By last August, in just over six years, China had set up over 350 Confucius Institutes and 473 Confucius Classrooms in over 104 different countries, according to the Institute’s website. No small feat, as the British Council, set up in 1934, has only 220 offices in 110 countries and territories.

These organisations, which spread the teaching of Chinese language and culture (including activities as harmless as cooking classes) and provides advice to people looking to do business on the mainland, are overseen by Hanban, ostensibly an NGO but broadly controlled by the Chinese Ministry of Education. In some more prestigious universities the institutes also sponsor research programmes into sinology.
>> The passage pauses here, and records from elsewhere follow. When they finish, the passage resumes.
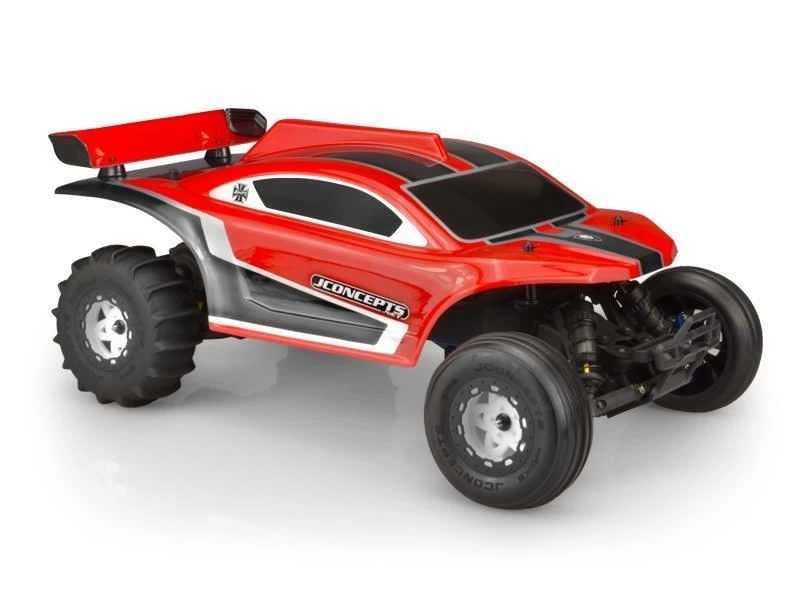 Get creative with this body; run it as a short course racing vehicle with competition tires or as a desert vehicle with paddle and ribbed tires. Go ahead, get crazy add a whip antenna; that’s what it’s made for. JConcepts BAJR V2 body looks sneaky good with prototype Hawk (JCO3153) front tires and Animal (JCO3154) rear tires mounted on Tremor (JCO3390 and JCO3391) multi-piece wheels. Pair this body with the matching Slash 2wd overtray ( JCO2052 ) or breathable chassis cover for Slash 4×4 (JCO2737) to keep the excess dirt out of your vehicle.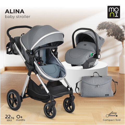 Moni Alina 2in1 Babakocsi Szett: Sokoldalú megoldás a babád kényelméért 👶 A Moni Alina 2in1 babakocsi szett egy átalakítható babakocsi, amely újszülött kortól 4 éves korig (22 kg-ig) használható. A szett tartalmaz egy autós hordozót is, így minden ig...
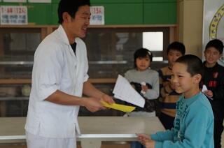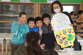 本日、日頃お世話になっている給食調理員の健夫さんやパンを作っていただいている垣内さん、そのほか様々な物資を届けていただいている皆様に感謝の気持ちを表そうと、給食感謝集会を開きました。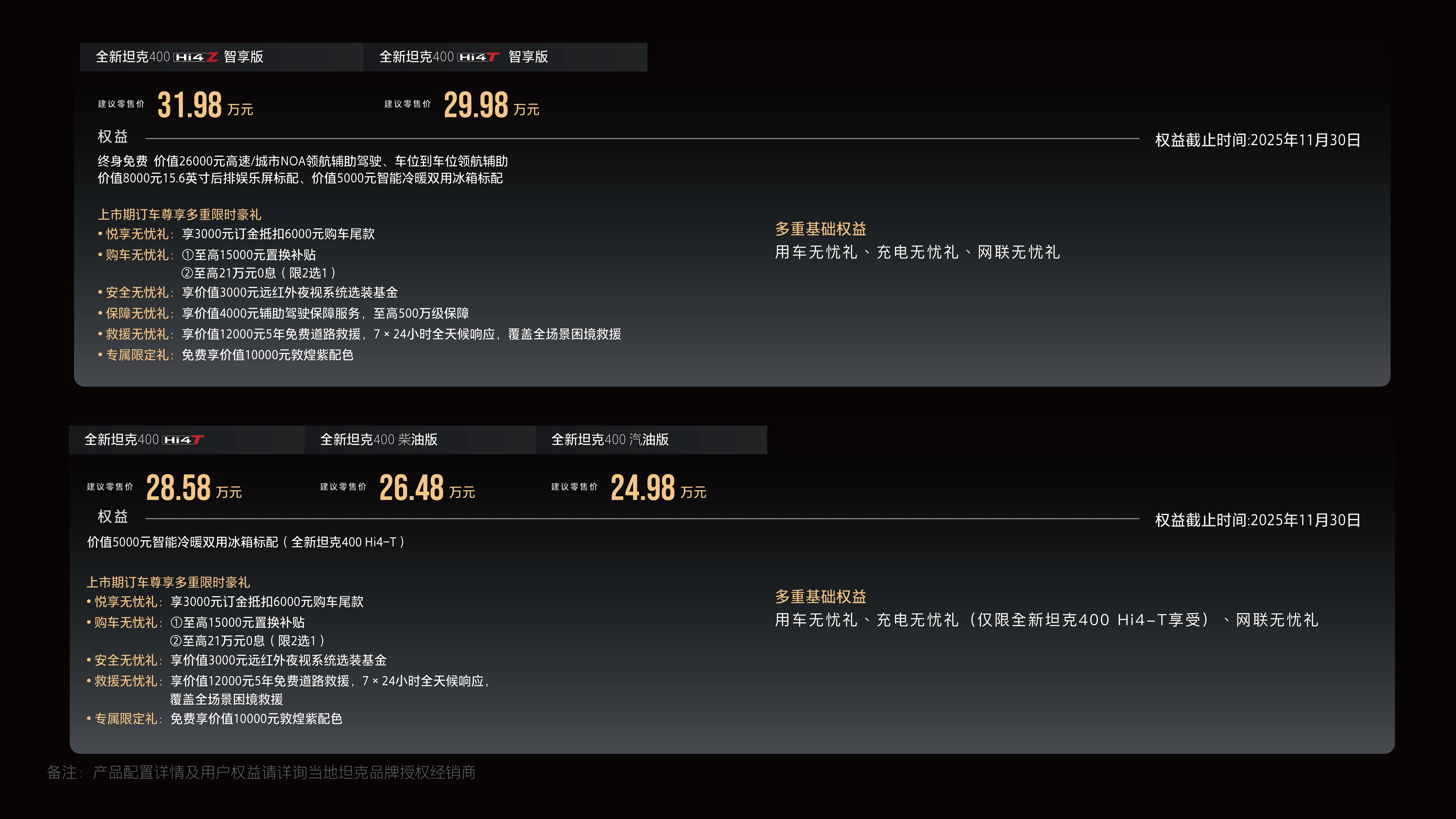 全新坦克400 Hi4-Z智享版,售價(jià)31.98萬元;全新坦克400 Hi4-T智享版,售價(jià)29.98萬元;全新坦克400 Hi4-T,售價(jià)28.58萬元;全新坦克400 柴油版,售價(jià)26.48萬元;全新坦克400 汽油版,售價(jià)24.98萬元。即刻下單可享多重尊崇權(quán)益,坦克以滿滿誠意為用戶帶來驚喜購車優(yōu)惠。
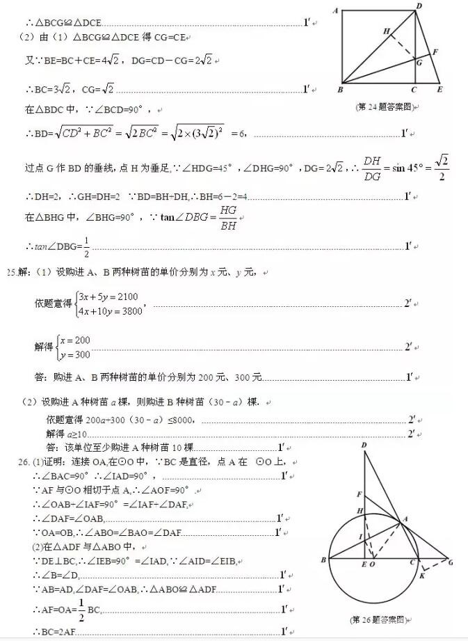 海南省2017年初中毕业生学业水平考试数学试题及答案(附下载)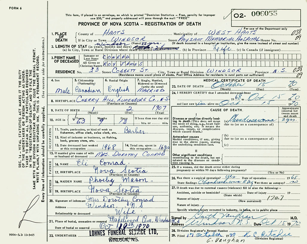 PROVINCE OF NOVA SCOTIA — REGISTRATION OF DEATH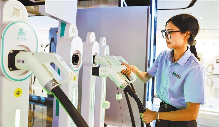 2025年7月9日,九江市瑞昌经开区智造小镇江西瑞华智能科技有限公司生产车间,员工在生产新能源汽车充电桩。魏东升摄(中经视觉)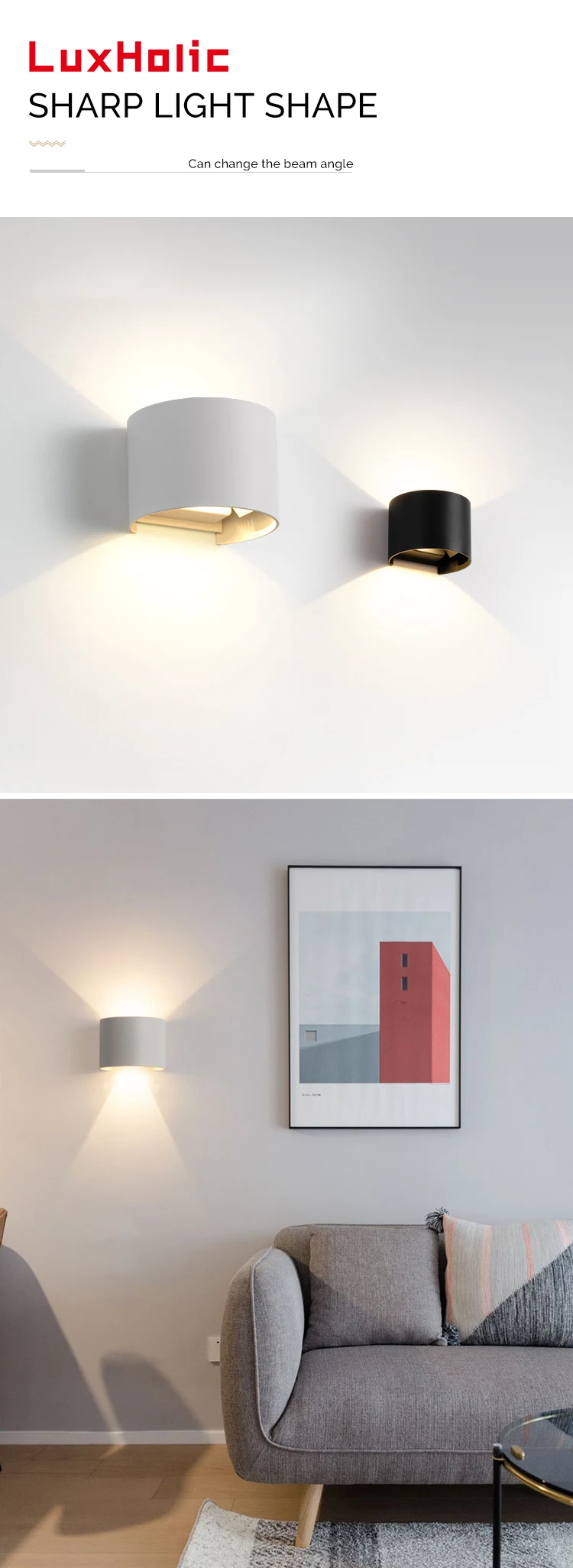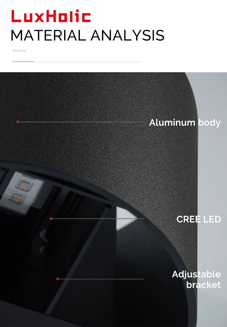 Home Lighting, Artwork & Interior Decoration Accessories Indoor Customized Lighting Interior Wall Lights LuxHolic LuxHoIic waterproof IP65 6W black adjustable surface mounted outdoor led lighting up and down outdoor lighting wall light lamp

According to a USA Today story last week, some academics have voiced concerns that the money and resources that Confucius Institutes bring in can also help stifle what can be discussed, researched and taught in western universities where the institutes are located.

The article says that in the US, a partnership with a Confucius Institute typically brings in funds “in the range of $100,000 to $150,000”.

It quotes Anne-Marie Brady, associate professor of political science at the University of Canterbury in New Zealand as saying that Confucius Institutes will “ always [have] no-go zones, and the no-go zones are obvious: Tibet, Taiwan, Falun Gong.”

But academics at some American universities that have collaborated with Hanban vehemently deny these claims.

Richard Saller, dean of the School of Humanities and Sciences at Stanford University told USA Today: “I said what I always say, which is we don’t restrict the freedom of speech of our faculty, and that was the end of the discussion. I’ve had domestic donors walk away because of that, and in this case Hanban did not walk away.”

Other academics interviewed by the paper also said that having a Confucius Institute on campus had not restricted their freedom to hold talks on Taiwan, Tibet or any other sensitive issue. Yet.

While the western press were busying querying the Confucius Institutes, as reported by The New York Times, Chinese president Hu Jintao was bitterly critical of western culture: “We must clearly see that international hostile forces are intensifying the strategic plot of westernising and dividing China, and ideological and cultural fields are the focal areas of their long-term infiltration”. He also urged the country to put more energy into spreading Chinese culture and ideas, precisely through organs such as the Confucius Institutes.

Hu did not address the issue of just what is Chinese culture. Just 30 years ago under Mao, Confucius was a dirty word and his ideas were vigorously opposed. Today, he is the Communist Party’s golden boy, representing historical greatness, culture, and stability.